[THE PROBLEM] Find the "materiał: stal nierdzewna" line in the records below and repeat it and every later line exactly, up to the last; do not include pictures.

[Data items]
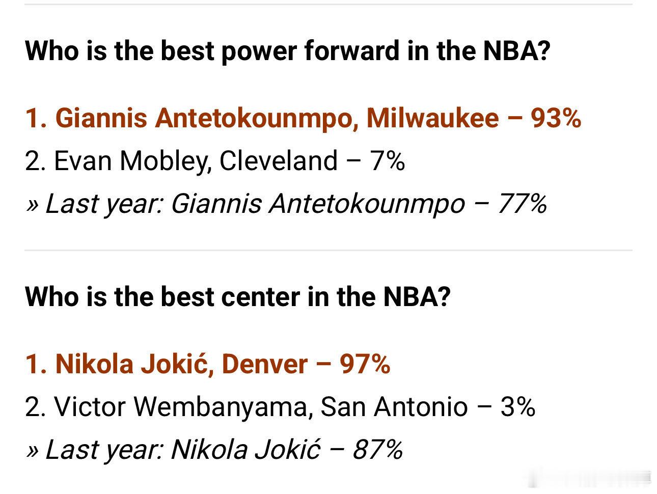 NBA总经理投票选出每个位置的最佳球员:
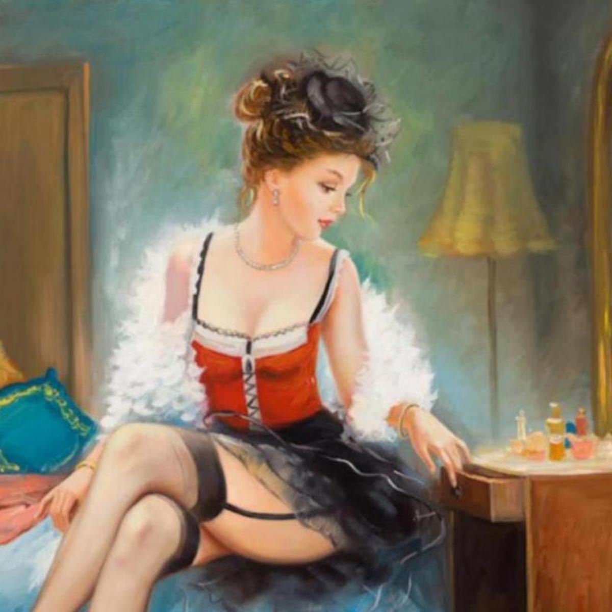"Mademoiselle" is a limited edition Giclee on Canvas by Taras Sidan. The piece is numbered, hand siged by the artist, and come with a letter of authenticity. Measures approximately 24" x 20".
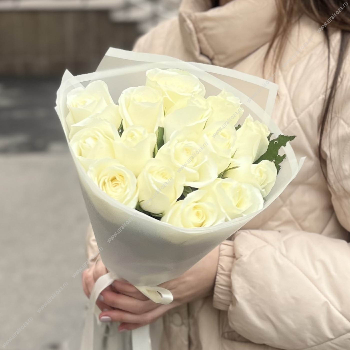 - Состав: Белая роза Кения 40 см (15шт.); Пленка матовая (1шт.); Лента атласная (1шт.);
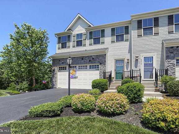 Stunning home in the highly sought-after Stray Winds Farm community, renowned for its ample green spaces and serene environment. This premium end unit Rosecliff floor plan, built by Ryan Homes in 2017, boasts over 2,300 square feet of meticulously maintained living space and over 70K in recent home improvements, featuring 4 spacious bedrooms, 3.5 baths, and a 2-car garage. Elegant 9ft ceilings with crown molding and gorgeous engineered hardwood floors throughout the first floor create a warm and inviting atmosphere. Spacious great room filled with natural light opens to a gourmet kitchen with cabinet crown molding, granite countertops, a center island with seating, pantry, and stainless-steel appliances including a gas stove. The dining area, adjacent to the kitchen, leads to a 16x12 composite deck perfect for outdoor dining and entertaining while enjoying the scenic backyard vista. The luxurious 2nd floor owner's suite with two walk-in closets and a full tiled bathroom with a spacious Roman shower, double vanity, and granite countertops. Two additional bedrooms with ceiling fans, a full bathroom, a laundry room with shelving, a cozy loft space, and newly installed upgraded carpet complete the 2nd floor. Step down to a fully finished lower-level 4th bedroom, full bath and a walk-out family room with a stylish build-in remotely controlled electric fireplace and plenty recessed lighting. A 23x13 concrete patio off the family room's sliding glass door offers additional outdoor living space. Modern amenities include a tankless gas water heater, natural gas furnace, whole-house humidifier, and enhanced landscaping on all three sides of the home. Extra parking available across the street. Community amenities include miles of lighted walking trails, a park with a playground and picnic pavilion, and convenient access to major highways, downtown Harrisburg, and the airport. The HOA fee covers lawn maintenance and snow removal, ensuring a carefree lifestyle. This beautiful home offers a perfect blend of luxury, comfort, and convenience in a vibrant community setting. Don’t miss your chance to make this your new home!
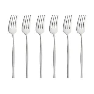 materiał: stal nierdzewna chromoniklowa 18/10 kolor: stalowy wykończenie: błyszczące długość widelczyka: 15 cm 6 sztuk odpowiednie do zmywarki
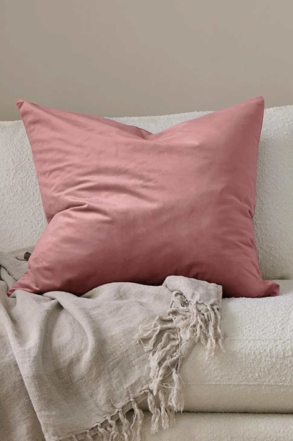 Pudebetræk af velour med fin glans. Af genindvundet polyester. Lynlås i bunden.
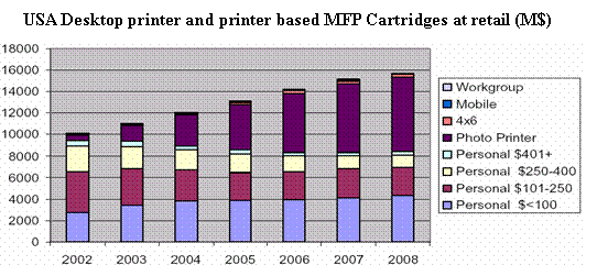 從全美零售市場的數(shù)據(jù)分析, 2003-2008年噴墨墨盒的零售總額年遞增率約8%,其中照片質(zhì)量墨盒的銷售量呈增長勢頭強(qiáng)勁。由于照片噴墨打印機(jī)和具備照片彩色打印的MFP可能使用同一型號墨盒,統(tǒng)計(jì)將兩者合并。普通噴墨MFP也和對應(yīng)的普通個(gè)人型打印機(jī)合并。數(shù)據(jù)顯示,2003年用于照片打印的墨盒零售總額19.10億美元,占全年零售總額(107.2億美元)的17.8%, 比02年的6.90億美元增加了177%。2008年, 預(yù)期用于照片打印的墨盒零售總額可達(dá)73.10億美元。對于普通的中高端墨盒零售額,由于受到價(jià)格下降和激光打印輸出方式的影響,03年到05年間有明顯下降,05年至08年基本保持不變。而低端的噴墨墨盒一直穩(wěn)中有升。

[TASK OUTPUT]
 materiał: stal nierdzewna chromoniklowa 18/10 kolor: stalowy wykończenie: błyszczące długość widelczyka: 15 cm 6 sztuk odpowiednie do zmywarki
 Pudebetræk af velour med fin glans. Af genindvundet polyester. Lynlås i bunden.
 從全美零售市場的數(shù)據(jù)分析, 2003-2008年噴墨墨盒的零售總額年遞增率約8%,其中照片質(zhì)量墨盒的銷售量呈增長勢頭強(qiáng)勁。由于照片噴墨打印機(jī)和具備照片彩色打印的MFP可能使用同一型號墨盒,統(tǒng)計(jì)將兩者合并。普通噴墨MFP也和對應(yīng)的普通個(gè)人型打印機(jī)合并。數(shù)據(jù)顯示,2003年用于照片打印的墨盒零售總額19.10億美元,占全年零售總額(107.2億美元)的17.8%, 比02年的6.90億美元增加了177%。2008年, 預(yù)期用于照片打印的墨盒零售總額可達(dá)73.10億美元。對于普通的中高端墨盒零售額,由于受到價(jià)格下降和激光打印輸出方式的影響,03年到05年間有明顯下降,05年至08年基本保持不變。而低端的噴墨墨盒一直穩(wěn)中有升。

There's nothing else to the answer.